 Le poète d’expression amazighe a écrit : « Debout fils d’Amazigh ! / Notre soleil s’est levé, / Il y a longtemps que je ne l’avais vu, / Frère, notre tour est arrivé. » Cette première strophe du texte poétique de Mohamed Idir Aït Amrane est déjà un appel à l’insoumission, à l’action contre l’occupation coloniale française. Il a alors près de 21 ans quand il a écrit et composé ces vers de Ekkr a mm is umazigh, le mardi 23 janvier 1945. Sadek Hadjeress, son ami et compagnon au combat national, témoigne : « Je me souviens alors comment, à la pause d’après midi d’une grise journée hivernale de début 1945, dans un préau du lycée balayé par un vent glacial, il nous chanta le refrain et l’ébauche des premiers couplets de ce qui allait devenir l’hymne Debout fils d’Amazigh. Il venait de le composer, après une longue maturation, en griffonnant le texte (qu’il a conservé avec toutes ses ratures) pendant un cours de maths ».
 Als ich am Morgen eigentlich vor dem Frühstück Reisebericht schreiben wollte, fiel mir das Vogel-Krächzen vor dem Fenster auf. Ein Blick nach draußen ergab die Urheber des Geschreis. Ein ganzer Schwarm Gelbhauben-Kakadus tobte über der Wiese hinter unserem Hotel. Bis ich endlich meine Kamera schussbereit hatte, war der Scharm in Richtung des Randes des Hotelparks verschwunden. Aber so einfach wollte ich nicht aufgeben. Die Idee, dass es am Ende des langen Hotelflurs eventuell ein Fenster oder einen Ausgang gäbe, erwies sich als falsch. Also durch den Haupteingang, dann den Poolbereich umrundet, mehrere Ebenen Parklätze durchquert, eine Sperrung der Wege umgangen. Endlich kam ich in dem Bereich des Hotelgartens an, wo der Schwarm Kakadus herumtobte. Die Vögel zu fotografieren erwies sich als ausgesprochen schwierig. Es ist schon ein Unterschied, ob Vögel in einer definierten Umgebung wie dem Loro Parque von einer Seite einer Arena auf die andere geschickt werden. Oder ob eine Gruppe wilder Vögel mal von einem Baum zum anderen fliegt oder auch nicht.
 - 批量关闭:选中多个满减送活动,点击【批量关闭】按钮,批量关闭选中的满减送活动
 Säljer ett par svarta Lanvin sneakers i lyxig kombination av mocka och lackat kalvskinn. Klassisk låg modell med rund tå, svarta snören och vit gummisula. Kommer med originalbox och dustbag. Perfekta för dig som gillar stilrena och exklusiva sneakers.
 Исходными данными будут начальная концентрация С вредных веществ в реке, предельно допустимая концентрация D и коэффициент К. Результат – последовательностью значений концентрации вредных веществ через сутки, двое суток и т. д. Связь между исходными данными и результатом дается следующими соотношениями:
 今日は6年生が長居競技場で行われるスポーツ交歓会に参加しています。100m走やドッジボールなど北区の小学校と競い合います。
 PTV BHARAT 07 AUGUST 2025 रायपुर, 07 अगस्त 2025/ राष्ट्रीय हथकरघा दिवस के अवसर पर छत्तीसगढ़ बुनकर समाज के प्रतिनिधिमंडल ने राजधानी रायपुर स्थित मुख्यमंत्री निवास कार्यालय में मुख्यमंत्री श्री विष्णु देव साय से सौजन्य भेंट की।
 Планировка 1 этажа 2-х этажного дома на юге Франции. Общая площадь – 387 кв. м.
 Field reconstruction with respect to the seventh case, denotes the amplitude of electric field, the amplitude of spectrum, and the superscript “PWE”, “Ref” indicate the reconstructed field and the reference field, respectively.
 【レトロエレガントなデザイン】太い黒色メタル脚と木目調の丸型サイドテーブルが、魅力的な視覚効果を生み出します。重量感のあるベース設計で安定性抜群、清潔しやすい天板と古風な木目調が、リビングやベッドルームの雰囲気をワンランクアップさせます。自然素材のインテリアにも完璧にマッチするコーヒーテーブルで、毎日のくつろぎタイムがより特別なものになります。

* * * *

__ABOUT THIS TASK__: Copy each record from above exactly, and include every line.

__ANSWER SECTION__:
 Le poète d’expression amazighe a écrit : « Debout fils d’Amazigh ! / Notre soleil s’est levé, / Il y a longtemps que je ne l’avais vu, / Frère, notre tour est arrivé. » Cette première strophe du texte poétique de Mohamed Idir Aït Amrane est déjà un appel à l’insoumission, à l’action contre l’occupation coloniale française. Il a alors près de 21 ans quand il a écrit et composé ces vers de Ekkr a mm is umazigh, le mardi 23 janvier 1945. Sadek Hadjeress, son ami et compagnon au combat national, témoigne : « Je me souviens alors comment, à la pause d’après midi d’une grise journée hivernale de début 1945, dans un préau du lycée balayé par un vent glacial, il nous chanta le refrain et l’ébauche des premiers couplets de ce qui allait devenir l’hymne Debout fils d’Amazigh. Il venait de le composer, après une longue maturation, en griffonnant le texte (qu’il a conservé avec toutes ses ratures) pendant un cours de maths ».
 Als ich am Morgen eigentlich vor dem Frühstück Reisebericht schreiben wollte, fiel mir das Vogel-Krächzen vor dem Fenster auf. Ein Blick nach draußen ergab die Urheber des Geschreis. Ein ganzer Schwarm Gelbhauben-Kakadus tobte über der Wiese hinter unserem Hotel. Bis ich endlich meine Kamera schussbereit hatte, war der Scharm in Richtung des Randes des Hotelparks verschwunden. Aber so einfach wollte ich nicht aufgeben. Die Idee, dass es am Ende des langen Hotelflurs eventuell ein Fenster oder einen Ausgang gäbe, erwies sich als falsch. Also durch den Haupteingang, dann den Poolbereich umrundet, mehrere Ebenen Parklätze durchquert, eine Sperrung der Wege umgangen. Endlich kam ich in dem Bereich des Hotelgartens an, wo der Schwarm Kakadus herumtobte. Die Vögel zu fotografieren erwies sich als ausgesprochen schwierig. Es ist schon ein Unterschied, ob Vögel in einer definierten Umgebung wie dem Loro Parque von einer Seite einer Arena auf die andere geschickt werden. Oder ob eine Gruppe wilder Vögel mal von einem Baum zum anderen fliegt oder auch nicht.
 - 批量关闭:选中多个满减送活动,点击【批量关闭】按钮,批量关闭选中的满减送活动
 Säljer ett par svarta Lanvin sneakers i lyxig kombination av mocka och lackat kalvskinn. Klassisk låg modell med rund tå, svarta snören och vit gummisula. Kommer med originalbox och dustbag. Perfekta för dig som gillar stilrena och exklusiva sneakers.
 Исходными данными будут начальная концентрация С вредных веществ в реке, предельно допустимая концентрация D и коэффициент К. Результат – последовательностью значений концентрации вредных веществ через сутки, двое суток и т. д. Связь между исходными данными и результатом дается следующими соотношениями:
 今日は6年生が長居競技場で行われるスポーツ交歓会に参加しています。100m走やドッジボールなど北区の小学校と競い合います。
 PTV BHARAT 07 AUGUST 2025 रायपुर, 07 अगस्त 2025/ राष्ट्रीय हथकरघा दिवस के अवसर पर छत्तीसगढ़ बुनकर समाज के प्रतिनिधिमंडल ने राजधानी रायपुर स्थित मुख्यमंत्री निवास कार्यालय में मुख्यमंत्री श्री विष्णु देव साय से सौजन्य भेंट की।
 Планировка 1 этажа 2-х этажного дома на юге Франции. Общая площадь – 387 кв. м.
 Field reconstruction with respect to the seventh case, denotes the amplitude of electric field, the amplitude of spectrum, and the superscript “PWE”, “Ref” indicate the reconstructed field and the reference field, respectively.
 【レトロエレガントなデザイン】太い黒色メタル脚と木目調の丸型サイドテーブルが、魅力的な視覚効果を生み出します。重量感のあるベース設計で安定性抜群、清潔しやすい天板と古風な木目調が、リビングやベッドルームの雰囲気をワンランクアップさせます。自然素材のインテリアにも完璧にマッチするコーヒーテーブルで、毎日のくつろぎタイムがより特別なものになります。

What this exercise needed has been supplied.